Главную коллизию в романе определяет антиномия “природность ― антиприродность”, постоянно выступающая в модусе взаимопереходимости, обратимости, подобно тому, как ирреальность у Гарсиа Маркеса оказывается “просто-напросто” другой      стороной реальности.          Поэтому и коллизия “естественное - противоестественное” у него не имеет однозначного разрешения – проблематика закручивается вокруг себя, уходя в перспективу “инаковости”, подразумевающую наличие какого-то “снятого”, идеального варианта, иноформы утопии. И хотя роман завершается жизнеутверждающими словами о том, что “бессчетное время вечности наконец кончилось”, художественно убедительным оказывается как раз исследование самой неоднозначности бытийных категорий латиноамериканского мира.
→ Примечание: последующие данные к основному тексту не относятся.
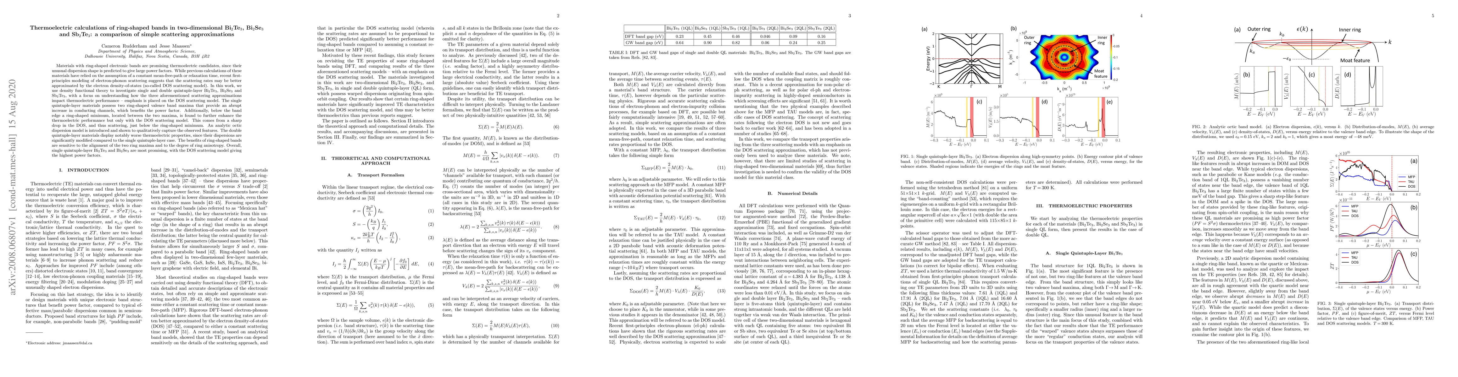 This paper investigates thermoelectric properties of single and double quintuple-layer Bi$_2$Te$_3$, Bi$_2$Se$_3$, and Sb$_2$Te$_3$ using density functional theory and three scattering models. It finds that ring-shaped bands significantly enhance thermoelectric performance, especially with the DOS scattering model, which captures a sharp drop in scattering just below the ring minimum.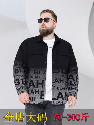 大码男装夹克衫春秋新款潮胖子外衣加肥加大风衣宽松肥佬休闲外套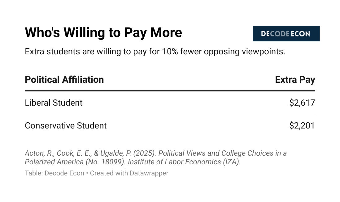 Liberals are willing to pay more to attend campuses with more liberals and fewer conservatives.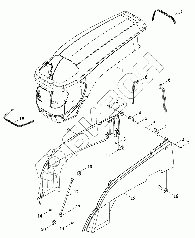 | 16 | TM6R471040001K | Кронштейн боковой панели капота |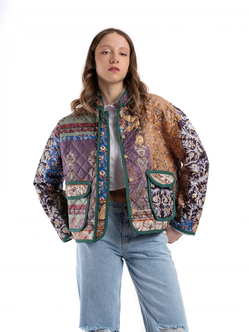 • PATCHWORK DESEN BİR ÜRÜNDÜR. ÜRÜN PARÇALARI AYNI YERLERDE BİRLEŞMEYEBİLİR. DESEN YERLERİ FARKLILIK GÖSTERİR. GÖRSELDEKİ İLE BİREBİR TARAFINIZA ULAŞMAYABİLİR UZUN KOLLU, DİK YAKA, KENARLARI BİYELİ, ÖNÜ GİZLİ DÜĞMELİ, KAPAK CEPLİ, ETNİK DESENLİ, KAPİTONE CEKET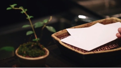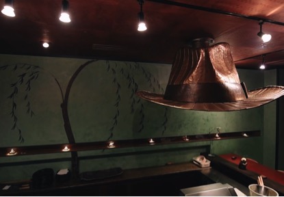 早乙女在17歲時決定把制作天婦羅當(dāng)做一生的事業(yè),他幻想室內(nèi)的裝飾要讓很多藝術(shù)家來做,自己也要像藝術(shù)家一樣去炸制天婦羅。而今天,是山居的店內(nèi)裝潢充滿了藝術(shù)感。進(jìn)店掀開紗簾后,可以看到一條并不算長的走廊,光線不強(qiáng)烈,深色調(diào),墻上和柜子上有很多藝術(shù)品,有些是早乙女自己畫的墻畫,也有前田正博、山上亮、上田哲也等人的陶藝作品。從壁紙到壁燈再到起到掩映作用的綠植都好像是渾然一體。盛放剛出鍋食物的餐碟旁有一盆小小的綠色植物,并不茂盛,客人面前還有成套的進(jìn)食餐具,同圍坐的吧臺一樣,這些東西都是古色古香的氣息。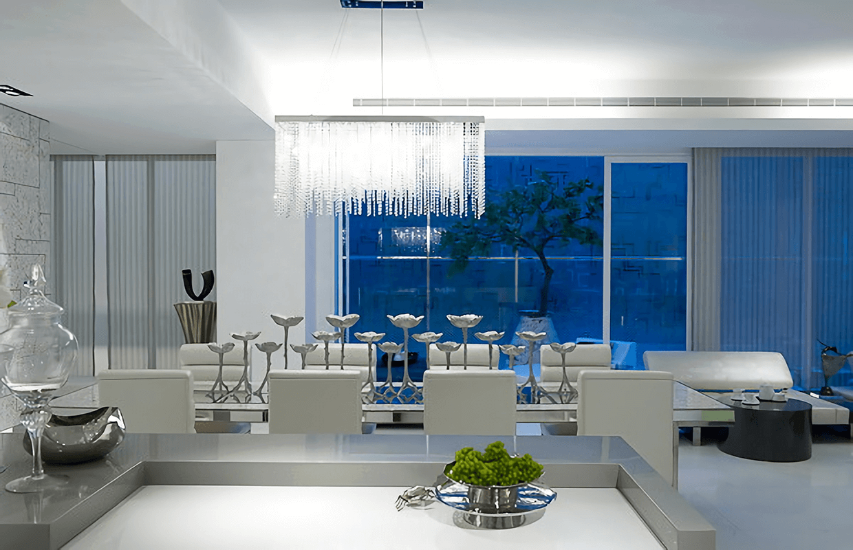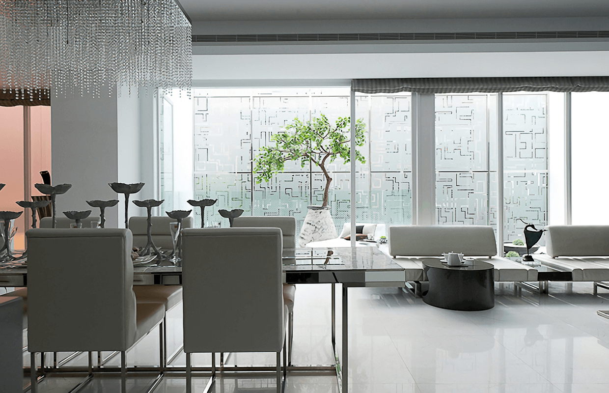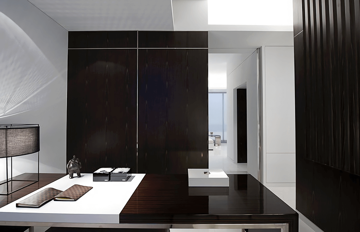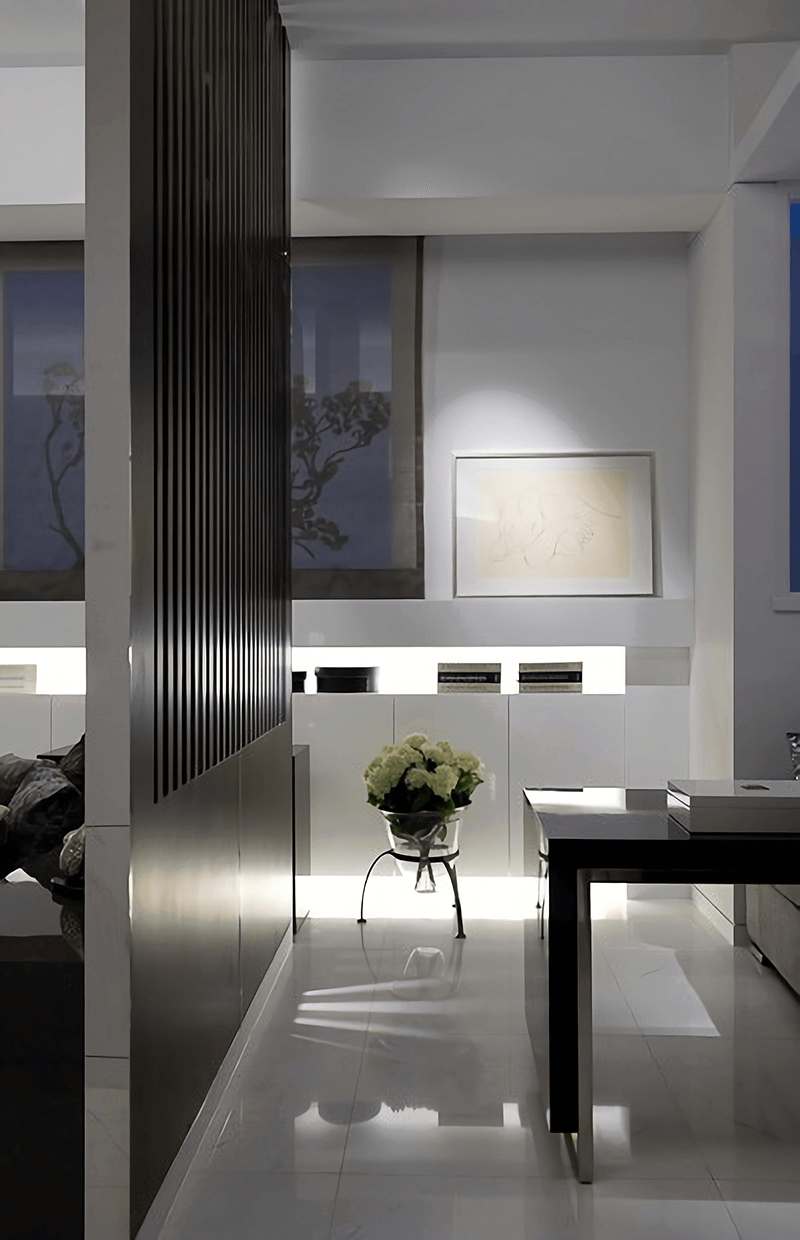 延續此個案接待中心美術館的概念,以國際旅人的時尚品味打造,結合服裝設計師吳季鋼的代言話題,延續了簡化的織品Pattern概念融入空間,創造出與眾不同的時尚感
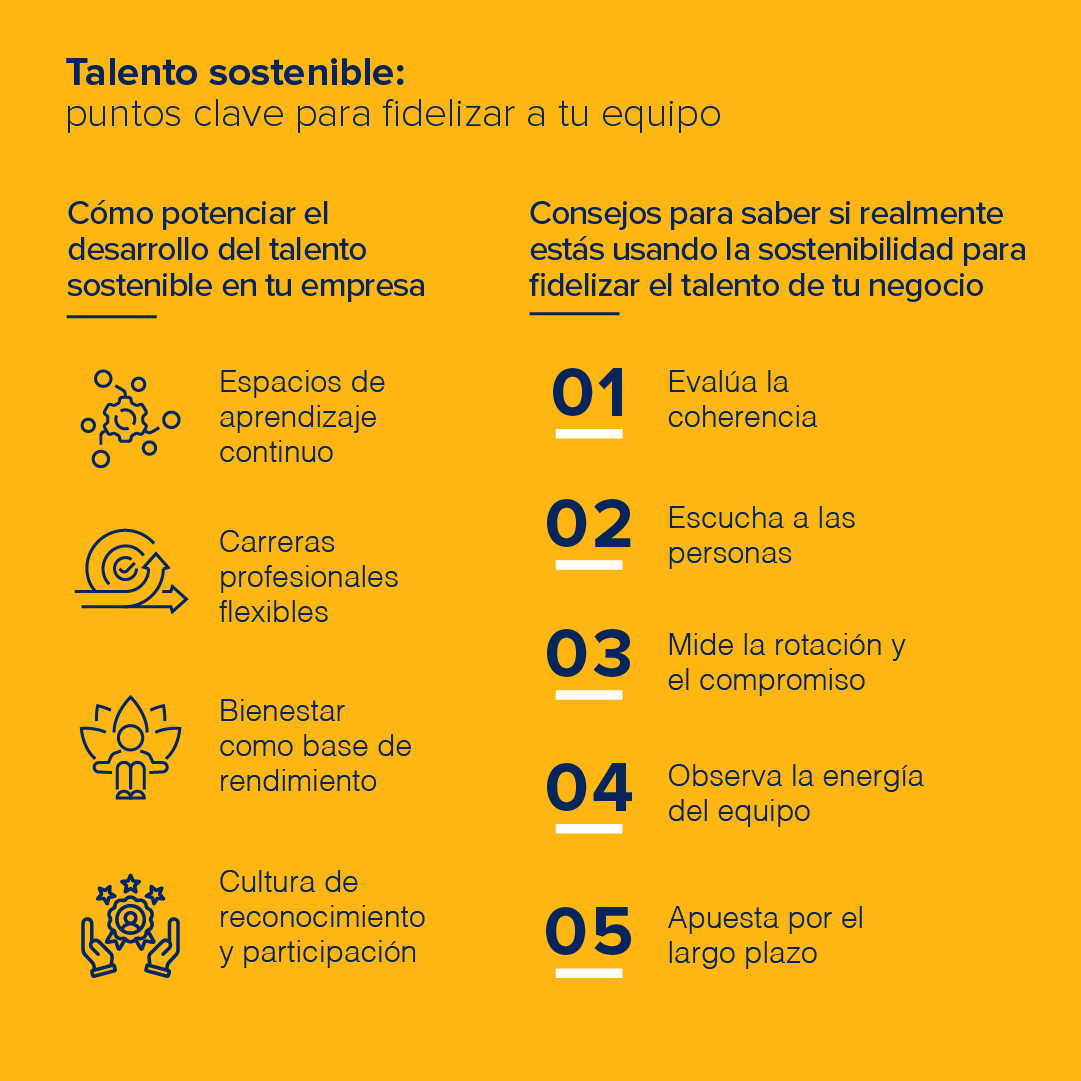 Potencia el talento sostenible en tu empresa. Descubre estrategias de gestión y acciones concretas para fidelizar a tu equipo más allá del salario.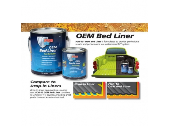 Formulated with POR15 rust preventive technologies POR15 OEM Bed Liner offers superior adhesion, impact resistance, and flexibility, as well as an attractive, textured semi-gloss black finish that provides the ultimate in truck bed protection.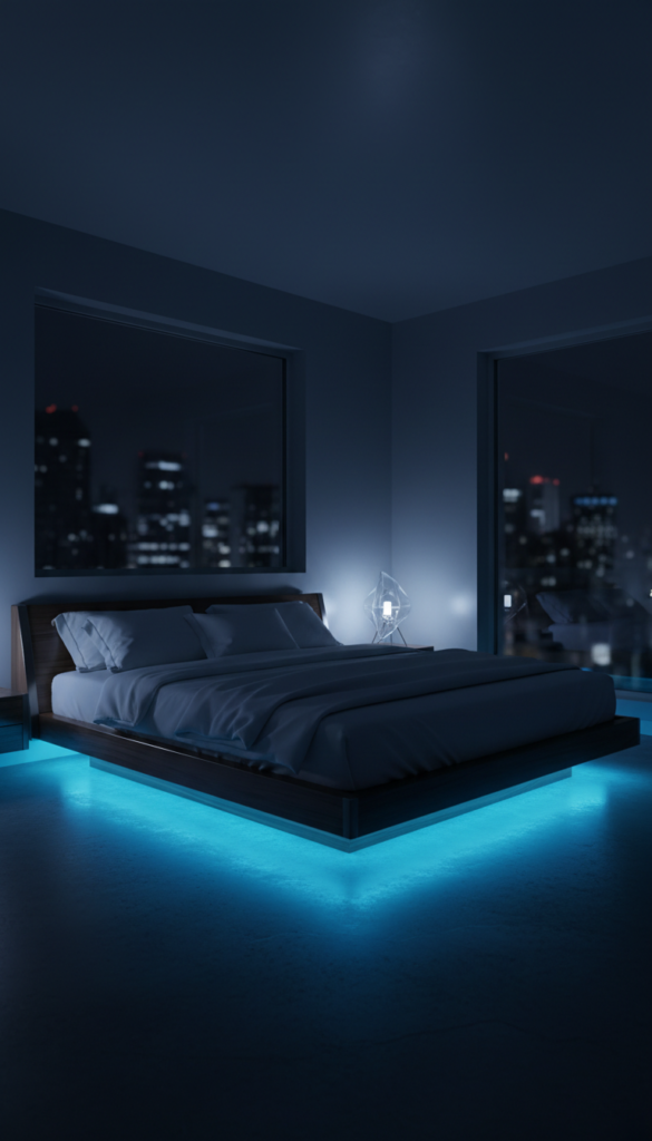 Create the illusion of anti-gravity with a floating bed. This sleek design element makes the room feel more spacious and significantly more futuristic.

Так, по исходному замыслу, президент противоестественен в своей античеловеческой сущности, но двойственная поэтика Гарсиа Маркеса множит и этот образ, отслаивая от него еще более зверские ипостаси диктаторши Летисии Насарено и утонченного палача Саэнса де ла Барры, лишенного всяких человеческих и даже животных чувств и потому существа действительно антиприродного. Перед этими мутациями собственной власти оказывается бессилен и сам диктатор. Конечно, старец с огромными стопами и килой ущербен: его кила ― это вариант поросячьего хвостика как знака противоестественности, отклонения от природы. Поэтому он предстает не как реальный диктатор, а как мифическое существо, воплощение зла, и описывается как хтоническое чудовище: огромные лапы, землистая сморщенная кожа, немигающие глаза игуаны, тонкие холодные губы. Но в своем кругу президент оказывается едва ли не единственным носителем природного, человечески естественного начала, а потому и противоположностью себя самого; он мается душевно от собственной раздвоенности, раздваивается и физически; иногда в нем берет верх зверь, иногда ― человек, и тогда он пародийно воспроизводит облик смутившего его Р.Дарио, в свою очередь, воплощенного душевного смятения. Кроме того, “патриарх” ― это ведь еще и символ “патриархальности”, природно-органичной стихийности, доцивилизационного начала. Самодур-тиран ведет себя как простой невежественный крестьянин и в то же время он пленен властью поэзии, охвачен мучительной саморефлексией; продав море, патриарх начинает им грезить и постепенно превращается в подобие утопленника – образ, обладающий в поэтике Гарсиа Маркеса коннотацией “чудесности”.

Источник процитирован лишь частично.